Scene context and object information interact during the first epoch of scene inspection

Sara Spotorno, George Malcolm and Benjamin Tatler

Are target template and scene context used simultaneously or sequentially during the first epoch of visual search? We manipulated independently the specificity of the template (the picture or the name of the target) and the plausibility of target position in real-world scenes. The availability of a specific visual template facilitated search initiation mainly when the target was in an unexpected location, and a plausible position of the target facilitated search initiation mainly when the template was verbal. Especially with verbal template, participants were more likely to launch the first saccade toward the expected target location when it was occupied by a distractor object than when it was empty.
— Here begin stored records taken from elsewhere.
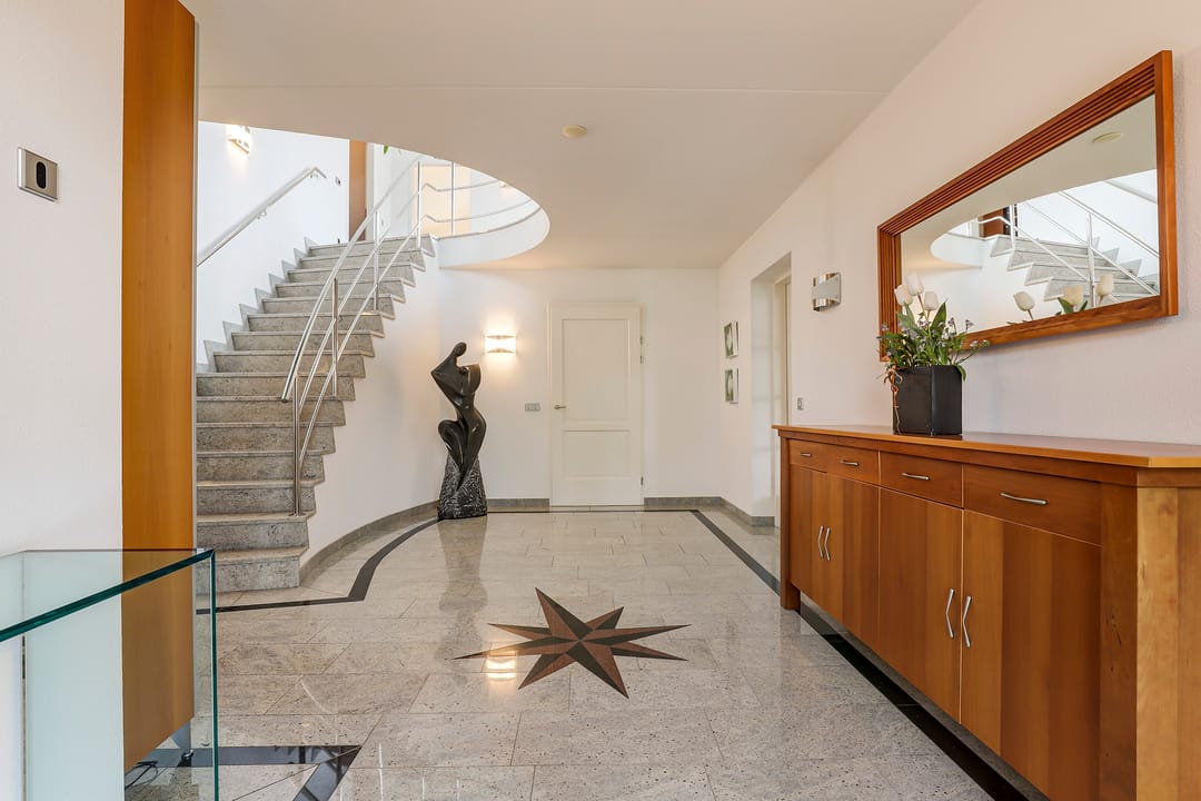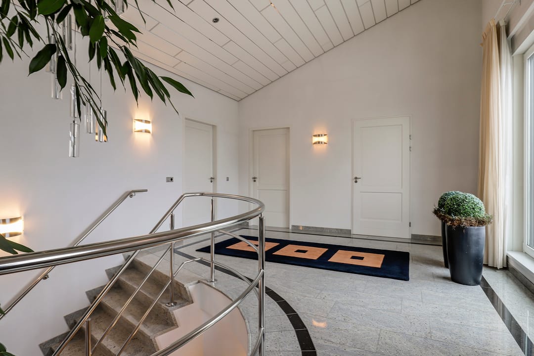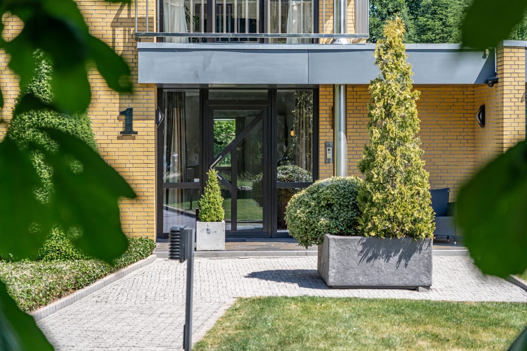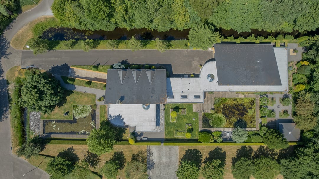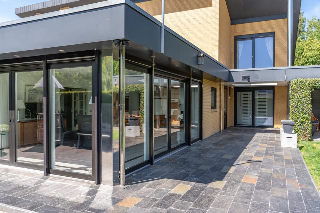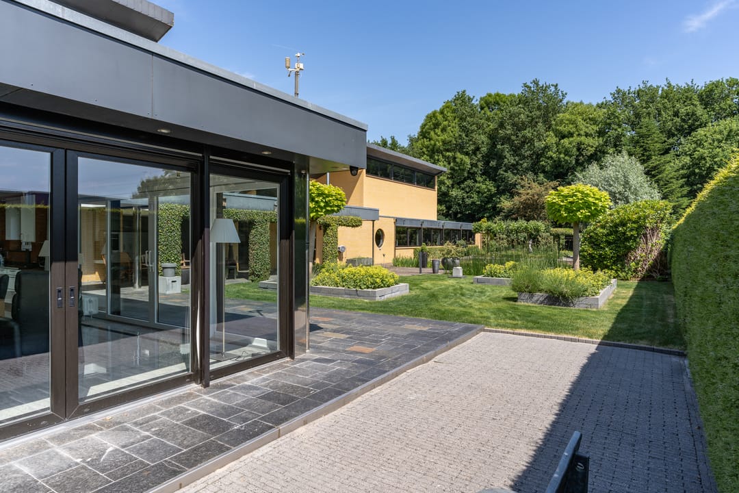De indrukwekkende hal met vide en ronde trapopgang vormt het hart van het huis. Vanuit hier bereik je zowel de werkkamer als de riante living met zicht op het groen rondom. En suite deuren leiden naar een eetkamer met luxe keuken en lichtkoepel. Grote schuifpuien verbinden binnen moeiteloos met buiten, waar een royale veranda en meerdere terrassen wachten op zonnige dagen of lange avonden met vrienden.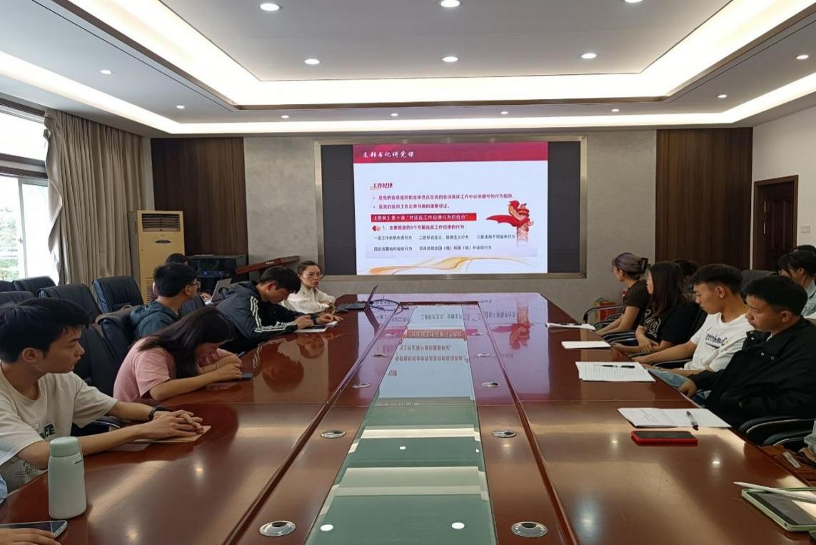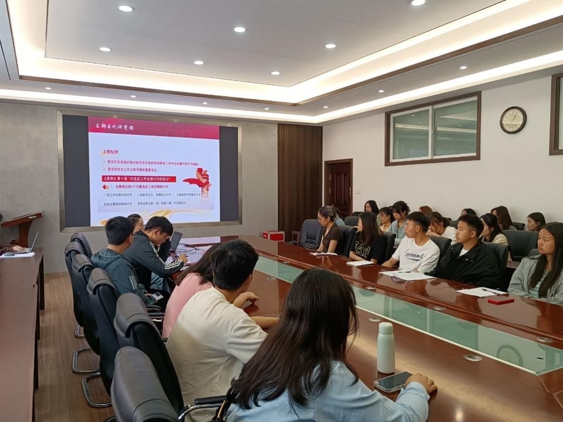 为深化党纪学习教育,提升学生党员的纪律意识,加强党的纪律建设、推动全面从严治党向纵深发展的重要举措。2024年5月30日,地理科学类学生党支部在beat365平台唯一官网会议室开展“以党纪为标尺 做守规矩的先锋”党课学习,全体党员及预备党员同志参加此次党课学习。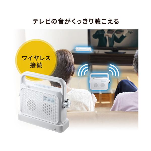 ワイヤレスで手元からテレビの音を楽しむ、置くだけ充電式のスピーカー テレビ用ワイヤレススピーカー400-SP064W ワイヤレスで手元からテレビの音を楽しむ、置くだけ充電式のスピーカー テレビ用ワイヤレススピーカー400-SP064W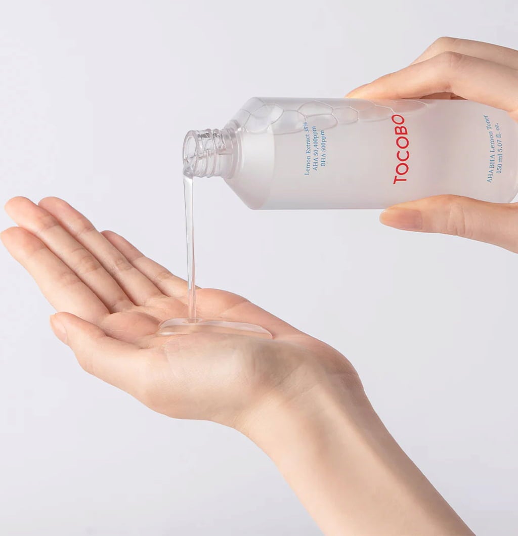 AHA BHA Lemon Toner от TOCOBO комбинира предимствата на AHA, BHA и лимонов екстракт, за да ви осигури чист и блестящ тен. Той ви предлага почистващ ефект и нежно пилинг действие, така че несъвършенствата и мъртвите клетки се премахват в една стъпка за грижа, а текстурата на кожата изглежда мигновено усъвършенствана. Освен това, тоникът подкрепя клетъчното обновление благодарение на алое вера, хиалуронова киселина и алантоин, като осигурява избистряне и необходимата влага на кожата. Формулата подпомага защитната бариера, придавайки усещане за балансирана, гладка и освежена кожа. Особено подходящ за несъвършена и мазна кожа, хората с тези типове кожа могат да се насладят на незабавен видим резултат.

Perceptual salience, evaluated by independent judges, also influenced first saccade direction, and the probability of saccading toward the target was greater when it was of higher salience than the distractor. Our findings show that both target template information and contextual guidance are utilised to guide eye movements from the beginning of scene inspection. They indicate, moreover, that the visual and semantic properties of the object are utilised as sources of local information during the first epoch of visual search.
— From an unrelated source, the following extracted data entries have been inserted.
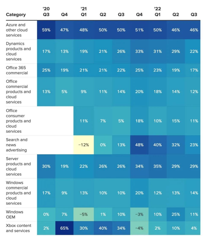 相比之下,微軟成為GAMMA乃至整個(gè)科技股“最后的榮光”,核心指標(biāo)全面超市場(chǎng)預(yù)期:季度內(nèi)營收493.6億美元,同比增長(zhǎng)18%;利潤167億美元,同比增長(zhǎng)8%;每股凈收益為2.22美元,高于分析師預(yù)期2.19美元;Azure和其它云服務(wù)增速46%,持平此前的高速增長(zhǎng)。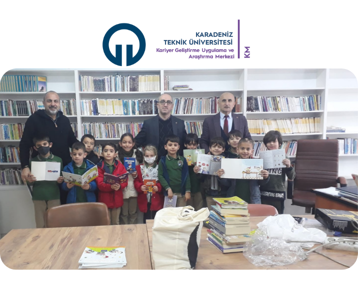 KTÜ Kariyer Geliştirme Uygulama ve Araştırma Merkezi Müdür Yrd. Öğr. Gör. Dr. Zafer YAVUZ 12 Ocak 2023 tarihinde “Bir Kitap Bir Umut” başlıklı etkinliğimiz kapsamında Trabzon Ortahisar Kutlugün İlkokulunu ziyaret etti. Etkinlik kapsamında toplanan kitapların bir kısmı Trabzon Ortahisar Kutlugün İlkokulu kütüphanesinde yerini aldı.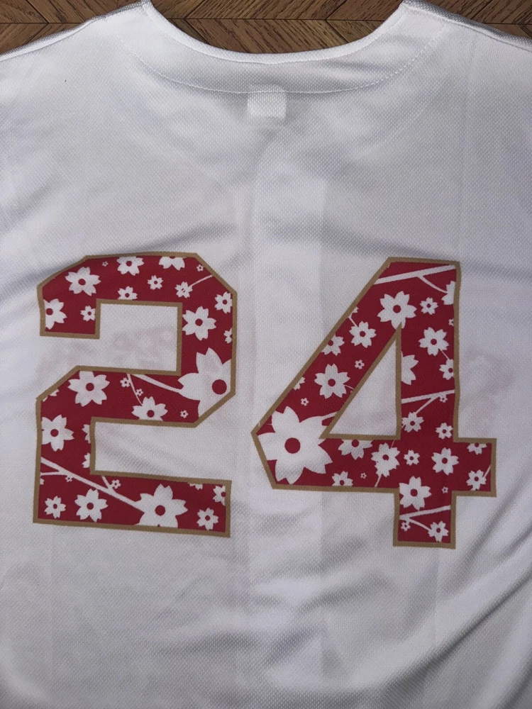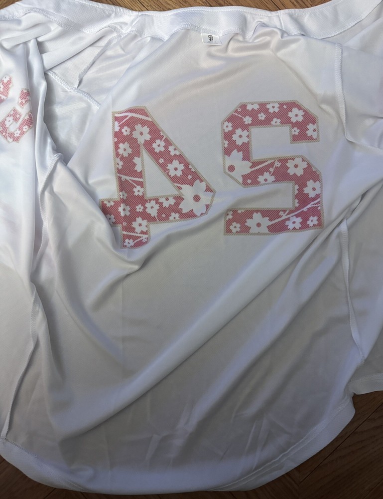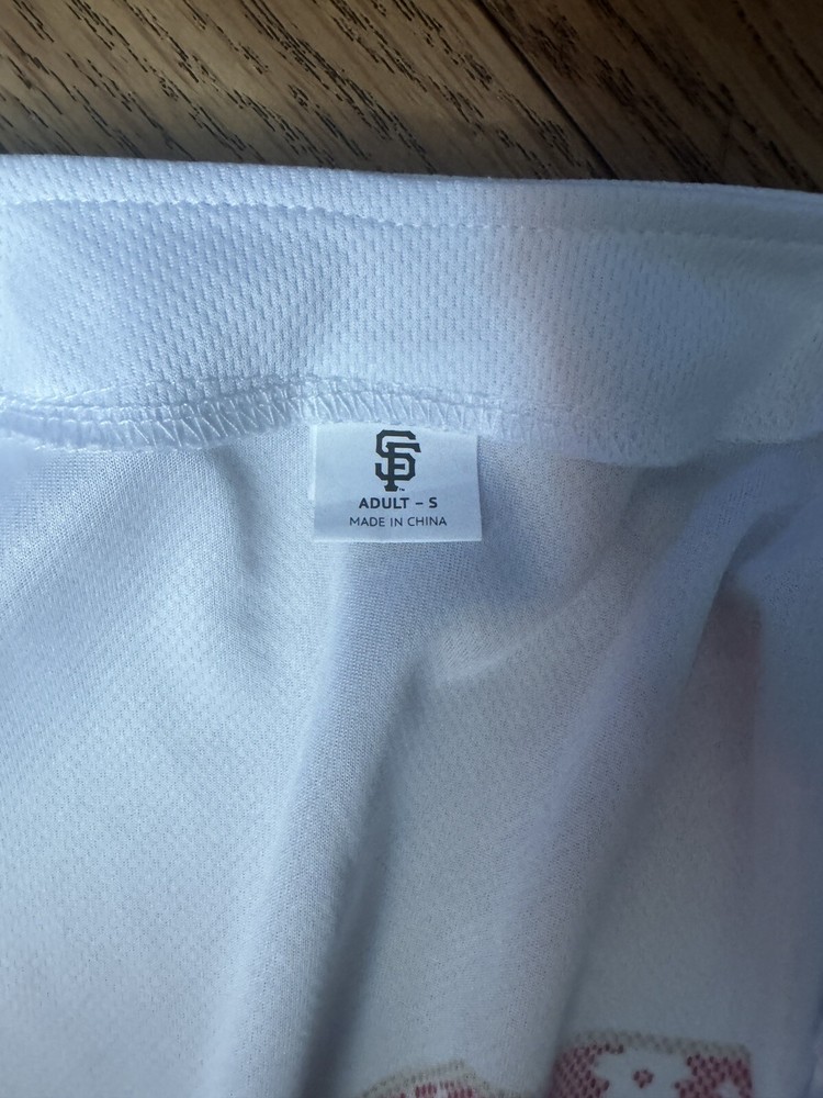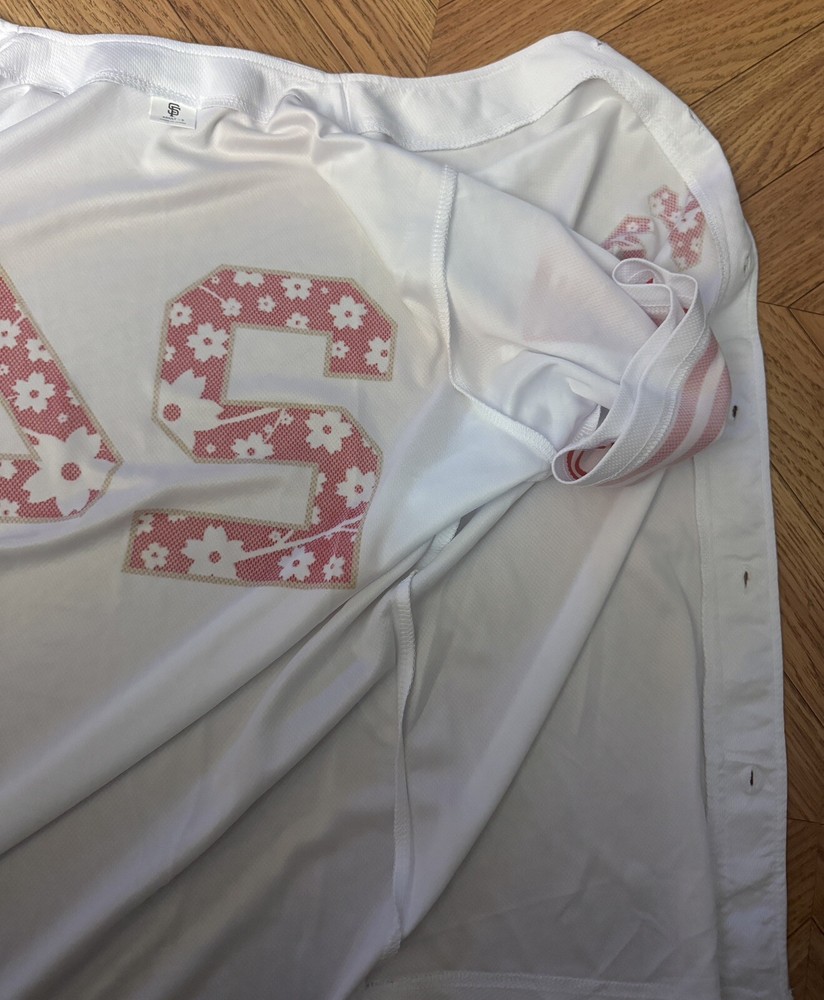 The product is a San Francisco Giants jersey featuring Japanese heritage and a Godzilla design, inspired by Masanori Murakami. Made in Japan, the white jersey in size S is a unique and collectible item for fans of the Major League Baseball team. It showcases a blend of Japanese culture and baseball, making it a special piece for supporters of the San Francisco Giants and fans of unique sports memorabilia.

Spatiotopic maps take time to construct

Eckart Zimmermann, David Burr and Maria Concetta Morrone

Many imaging and psychophysical studies suggest that there exist in the human brain spatiotopic neural maps. We investigated the temporal buildup of spatiotopic representation, using two techniques. In both cases, as subjects fixated a point, a target appeared to which they saccaded on cue after variable exposure duration (0, 500 or 1000 ms). We first measured the tilt-aftereffect: subjects adapted to a tilted grating in one part of the screen, then after the saccade judged the orientation of a grating in either the same retinotopic or spatiotopic position as the adapter. For short durations of saccadic target display, the adaptation was primarily retinotopic; but for longer durations (allowing more time to encode position), spatiotopic adaptation increased and retinotopic decreased, saturating at about 1 sec. The second experiment was a variant of “saccadic suppression of displacement” of a target displaced during saccades. Threshold performance improved considerably with exposure duration of saccade target. Both experiments suggest that encoding in spatiotopic coordinates builds up over time, up to one second. The data also account for much of the apparent inconsistencies in the literature about the existence of spatiotopic encoding.
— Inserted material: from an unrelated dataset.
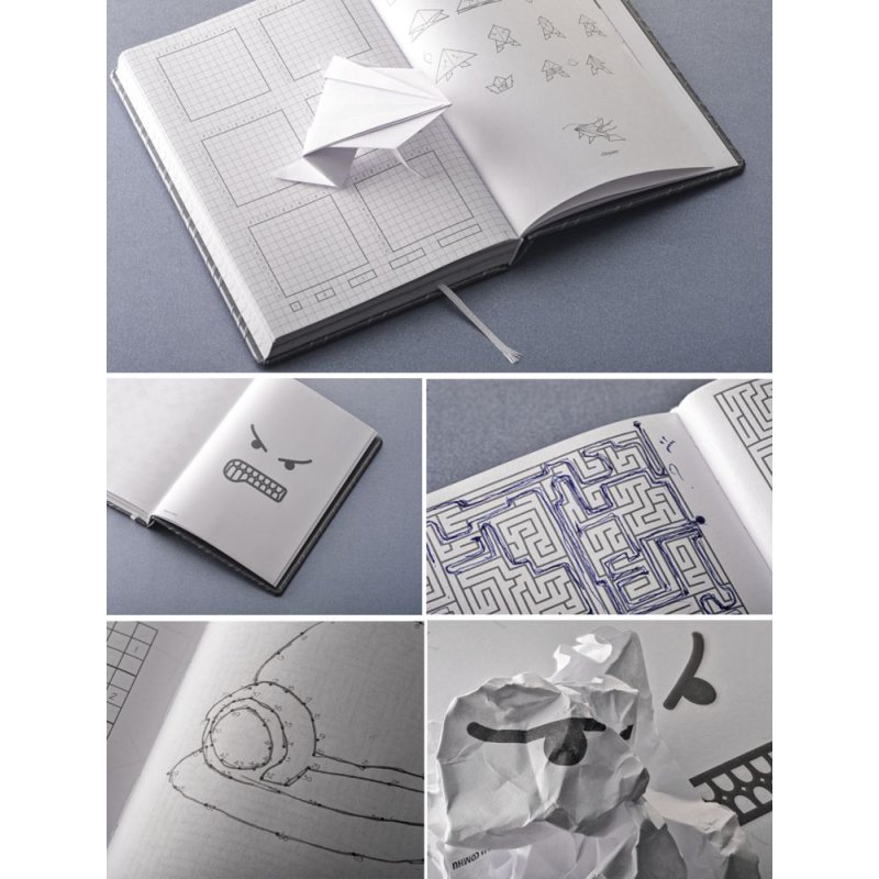 Суровая обложка в стиле industrial скрывает страницы весьма нестандартного блокнота-ежедневника. Внутри — страницы, разлинованные всеми возможными способами; чистые листы и классический набор «бумажных» игр: от морского боя до судоку, а также «листы гнева».

Optimal integration of afferent and efferent signals in spatial localization

Martina Poletti, David Burr and Michele Rucci

As we explore a scene, the visual system can rely on multiple signals to keep track of where objects are in space: the retinal input, a corollary discharge, and extraocular proprioception. Statistically, the optimal strategy to combine multiple estimates is a linear weighted average based on their reliability. Here, we used a novel gaze-contingent display procedure to investigate whether spatial localization in humans conforms to the rules of such an ideal observer. In complete darkness, participants searched for two hidden targets that were briefly displayed at the current gaze position, each one after a predetermined number of saccades. Upon finding the second target, subjects reported the remembered location of the first. As predicted by an ideal observer model, the localization error increased linearly with 1-3 saccades then began to saturate. Extraocular proprioception contributed to 20% of the estimate with just one saccade, increasing to 40% after 3 saccades. Our results show that afferent and efferent signals are optimally combined in the representation of space, thus reconciling a large body of conflicting results in the literature.